All 56 states and territories have been consulted by FirstNet/AT&T, but of the 23 states and territories that remain undecided, 12 states and the District of Columbia have also issued request for proposals for alternative bids. (Since this story ran, Vermont and Ohio have opted in to AT&T. As of Dec. 7, New Hampshire has announced it will opt out and contract with Rivada Networks.)

While choosing to opt in to the federal interoperable public safety network leaves states with no immediate financial risk, it also provides them with no recourse should the network buildout not be completed, and only those who can access the confidential state portal have a sense of the pricing for first responders who would have to become subscribers of AT&T in order to access some FirstNet applications and features.
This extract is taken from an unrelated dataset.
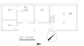 圖5 正房平面示泛民居的院落結(jié)構(gòu)很類似四合院,正房一層平面如圖5。正房一層由兩個(gè)臥室和東側(cè)廚房等空間,一層前面出檐1800mm左右,這主要考慮在夏天寬敞的屋檐下是外部納涼的美好空間,而二樓空間南向墻面為通體窗,這樣空間采光通風(fēng)都比較好。由于夏季多雨,民居二樓也作為涼曬糧食的最佳場(chǎng)所。這一點(diǎn)更體現(xiàn)了南方溫和的氣候在建筑上的反映。此外從建筑空間的構(gòu)成上來看,傳統(tǒng)民居采用了進(jìn)深不是很大,中間和鞲霰嚦間(如圖5),兩個(gè)邊開間均為3533mm(1.06丈),中開間則為3933mm(1.18丈),與當(dāng)?shù)貍鹘y(tǒng)木構(gòu)架之定數(shù)相一致[4];前檐進(jìn)深1800mm,房屋進(jìn)深4200mm,總進(jìn)深6000mm。這中空間構(gòu)成符合木結(jié)構(gòu)建筑模數(shù)等的有關(guān)規(guī)定。

“AT&T has a contract with FirstNet, but they will not enter into a contract with New Hampshire or any other state,” said John Stevens, statewide interoperability coordinator at the NH Department of Safety. “So what is being offered to the states, including New Hampshire, is a 25-year promise.”

While Stevens said he would reach out to FirstNet to address any issues, “not having a contract in place with a service provider is a concern.”

It’s also a unique situation for the New Hampshire Executive Council, whose role is to approve state government contracts.

In September 2016, the Executive Council — which then included Chris Sununu, before he won his gubernatorial bid — approved a contract with Rivada Networks, giving the company exclusive rights to build and maintain a first responder Radio Access Network, should New Hampshire opt out of FirstNet.

One of five contractors that bid in New Hampshire, Rivada had been building a plan for the Granite State since it released a request for proposal in December 2015.

All that happened before March, when the U.S. Department of the Interior awarded AT&T a $6.5 billion contract, enabling AT&T to license the Band 14 spectrum for 25 years for states that opt in.

“Spectrum grab”

When FirstNet was first envisioned, the federal request for proposal called for a dedicated network for first responders, operating on infrastructure built out to provide Band 14 coverage nationwide by a corporate entity that would maintain the network.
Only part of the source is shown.